How do I quickly check whether a string contains concatenated English words
Is there a fast way to check whether a string without spaces contains a valid (English) sentence?
In the example below I've encrypted the sentence "thisisavalidenglishsentence" using a modern shift cipher with an unknown key/shift. The resulting ciphertext is "aopzpzhchspklunspzozlualujl".

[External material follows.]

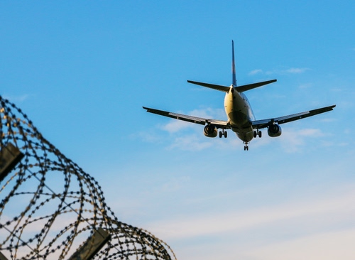 Tag: aereo, cielo, ali, nuvole, spinato, filo, aeroplano, coda, recinzione, volo, rete, ruote, atterraggio, carrello, azzurro, motori.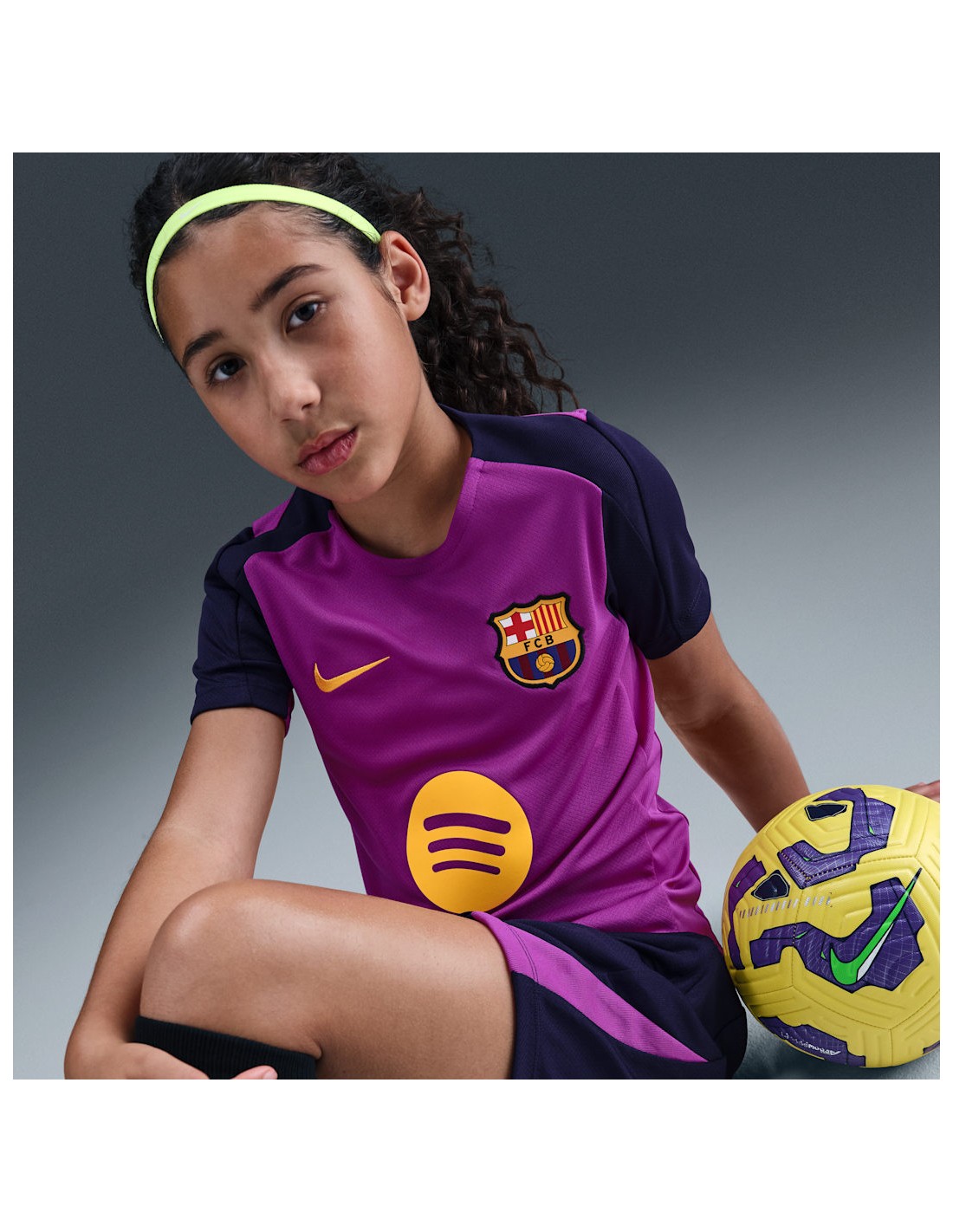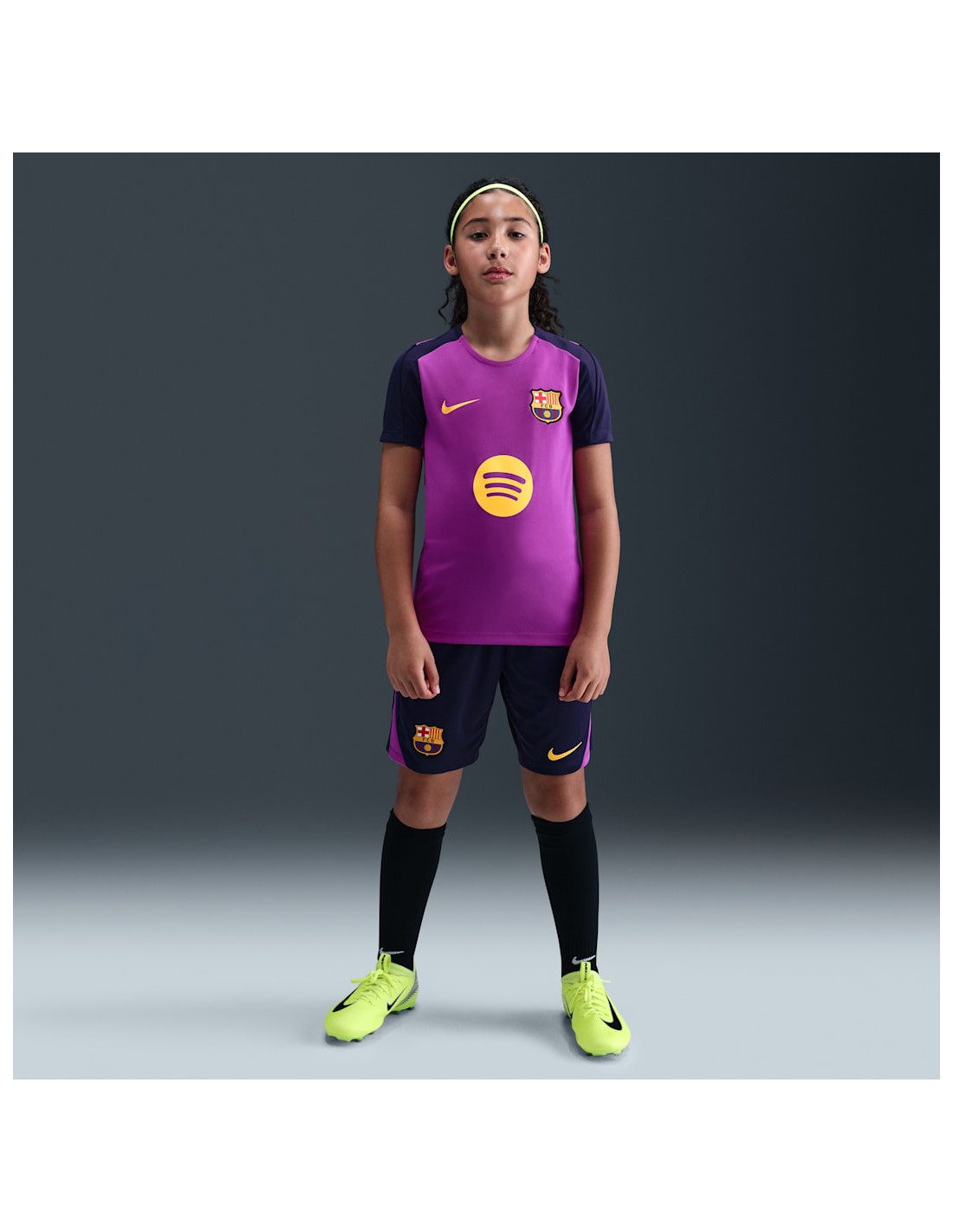 T-shirt from the latest Nike Barcelona collection With details designed specifically for rising football stars, the slim fit and sweat-wicking technology work together to help you stay cool and composed while honing your skills. Color shown: Vivid Purple / Vivid Purple / Imperial Purple / Midwest Gold Style: HJ7831-552

key = 0, plaintext = aopzpzhchspklunspzozlualujl key = 1, plaintext = znoyoygbgrojktmroynyktzktik key = 2, plaintext = ymnxnxfafqnijslqnxmxjsyjshj key = 3, plaintext = xlmwmwezepmhirkpmwlwirxirgi key = 4, plaintext = wklvlvdydolghqjolvkvhqwhqfh key = 5, plaintext = vjkukucxcnkfgpinkujugpvgpeg key = 6, plaintext = uijtjtbwbmjefohmjtitfoufodf key = 7, plaintext = thisisavalidenglishsentence <- !! key = 8, plaintext = sghrhrzuzkhcdmfkhrgrdmsdmbd key = 9, plaintext = rfgqgqytyjgbclejgqfqclrclac key = 10, plaintext = qefpfpxsxifabkdifpepbkqbkzb key = 11, plaintext = pdeoeowrwhezajcheodoajpajya key = 12, plaintext = ocdndnvqvgdyzibgdncnziozixz key = 13, plaintext = nbcmcmupufcxyhafcmbmyhnyhwy key = 14, plaintext = mablbltotebwxgzeblalxgmxgvx key = 15, plaintext = lzakaksnsdavwfydakzkwflwfuw key = 16, plaintext = kyzjzjrmrczuvexczjyjvekvetv key = 17, plaintext = jxyiyiqlqbytudwbyixiudjudsu key = 18, plaintext = iwxhxhpkpaxstcvaxhwhtcitcrt key = 19, plaintext = hvwgwgojozwrsbuzwgvgsbhsbqs key = 20, plaintext = guvfvfninyvqratyvfufragrapr key = 21, plaintext = ftueuemhmxupqzsxueteqzfqzoq key = 22, plaintext = estdtdlglwtopyrwtdsdpyepynp key = 23, plaintext = drscsckfkvsnoxqvscrcoxdoxmo key = 24, plaintext = cqrbrbjejurmnwpurbqbnwcnwln key = 25, plaintext = bpqaqaiditqlmvotqapamvbmvkm
If I were to brute-force the decryption of this ciphertext it would still be possible to pick out the correct plaintext by manually going through all the candidates. (In this case that would be shift = 7). However, usually the amount of decryptions is much, much larger than the 26 from the example.
Possible ways that I know of to detect a valid sentence would be to either check whether the letter frequency matches that of English, or I could split the sentence into ngrams and compare every single permutation to a dictionary of known English words.
The problem with these two approaches are that letter frequency isn't reliable for short sentences. It might be fine if I have only 26 possibilities, but with thousands of candidates it becomes less helpful. The other method of splitting the text into ngrams and comparing it to a dictionary takes a very long time if there are many possible decryptions.
Is there an alternative approach to quickly find whether a string contains valid (English) words? Or a fast way to compare a sentence of concatenated words against a (English) dictionary?